Visitors use their mobile phones next to LG booth during the Mobile World Congress in Barcelona, Spain, February 27, 2019. REUTERS/Rafael Marchante

HONG KONG (Reuters Breakingviews) - Corporate carve-ups generally provide a spark. LG Chem’s decision to spin off its batteries business has not electrified investors so far, however. Although some hesitation is warranted, the division’s true value is lost inside a $40 billion chemicals producer.

The South Korean conglomerate picked a good time for a split. Enthusiasm for electric vehicles is growing, powering manufacturers’ stock prices. LG Chem lays claim to the biggest worldwide market share for their batteries, supplying Tesla, General Motors and others. And yet rivals seem to attract higher valuations.

LG Chem shares have been on a tear, more than doubling since the start of the year. Some of that is attributable to what is now provisionally dubbed LG Energy Solutions, which also will house energy storage and small batteries. LG Chem projects sales for the group will more than double by 2024, to some 30 trillion won ($25.7 billion).

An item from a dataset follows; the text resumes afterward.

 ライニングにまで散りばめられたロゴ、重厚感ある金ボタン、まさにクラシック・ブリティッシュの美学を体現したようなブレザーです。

For now, the bigger top line belongs to plastics. Using Nomura’s divisional estimates for 2021 EBITDA and multiples of comparable companies chosen by Breakingviews, the big petrochemicals division, along with smaller units that make products used in smartphones and develop drugs are worth almost $17 billion combined. LG Chem’s roughly $46 billion enterprise value therefore implies batteries are pegged at more than $29 billion.

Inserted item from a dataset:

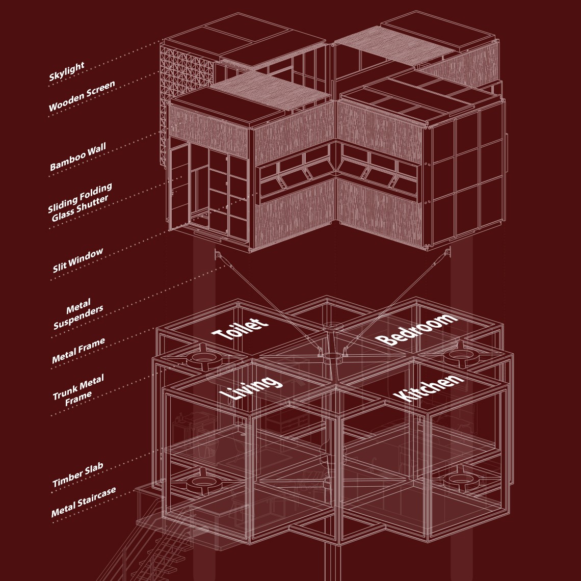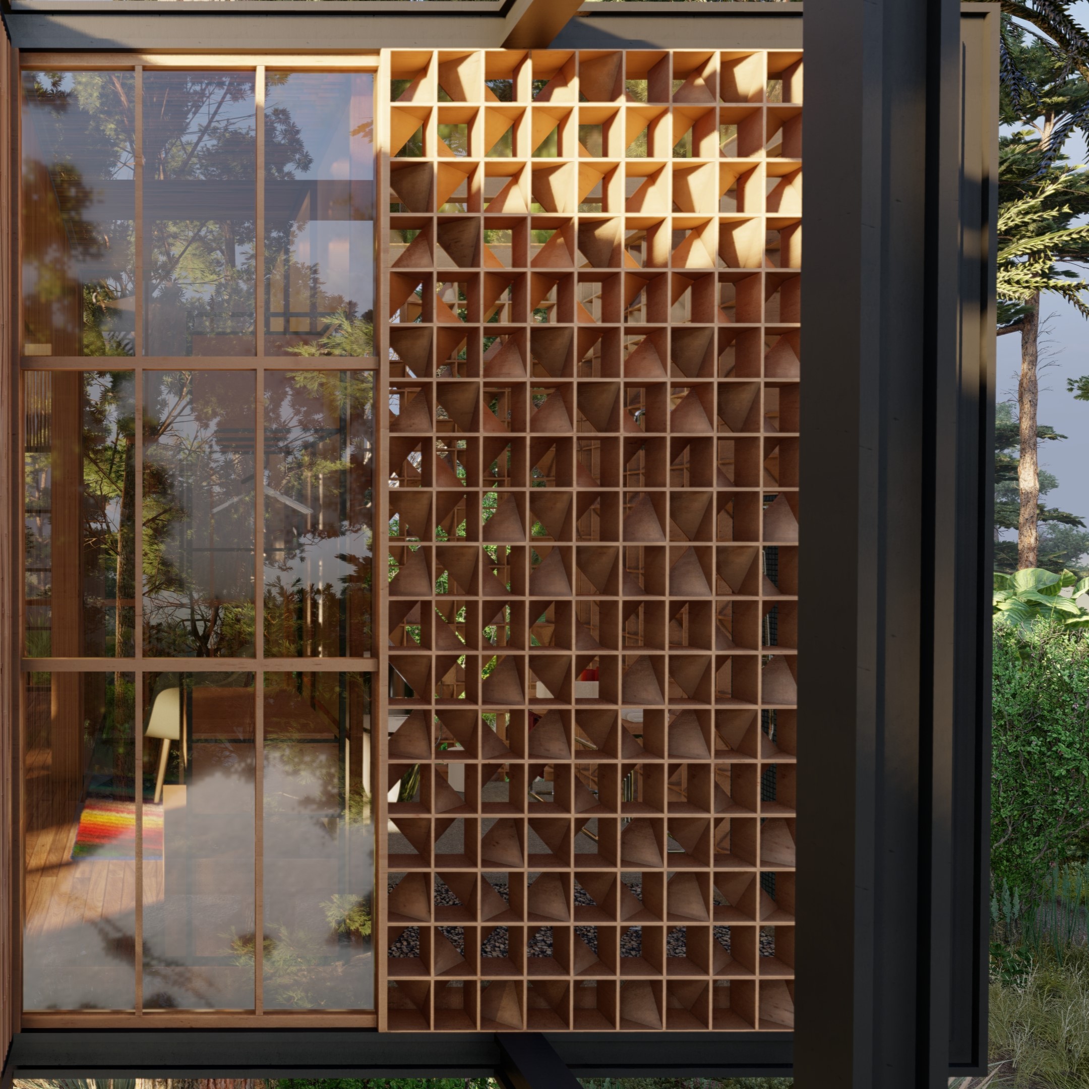 A sustainable, prefabricated system combining a metal frame and bamboo-wood palette ensures minimal site impact and maximum thermal responsiveness. Sliding glass shutters, skylights, and timber flooring enhance the biophilic experience, while modular clamp-based assembly protects trees, perfect for off-grid, forest retreats.
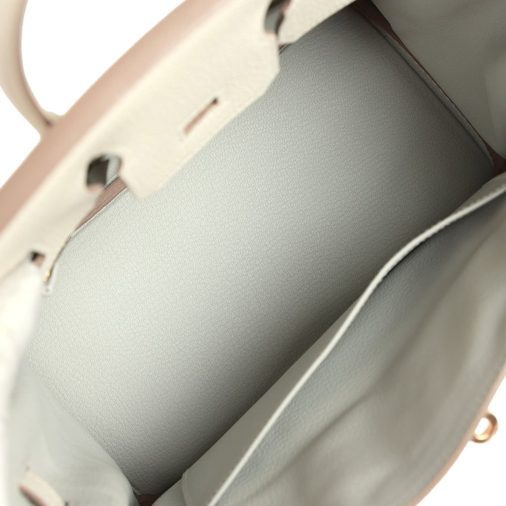 Pre-owned Hermes Special Order (HSS) Birkin 25 Craie Verso Togo Rose Gold Hardware

On a standalone basis, things might look different. Blended estimates from Nomura and Mirae Asset Daewoo suggests LG Chem’s batteries will generate nearly $2 billion of EBITDA in the coming year. Valuations for CATL, China’s BYD and Samsung SDI average out at about 23 times. On that multiple, LG Energy Solutions would be worth north of $46 billion, 56% more than what is imputed today.

There are understandable explanations for the muted market reaction to LG Chem’s mid-September separation announcement. For one thing, there will be some dilution if the parent’s ownership stake in batteries drops to 70-80%. Some shareholders also might dump LG Chem in favour of LG Energy. Moreover, an initial public offering is probably at least a year away. And Tesla’s recently divulged battery plans could squeeze suppliers. Even with all that factored in, though, it’s reasonable to expect a spark for LG Chem.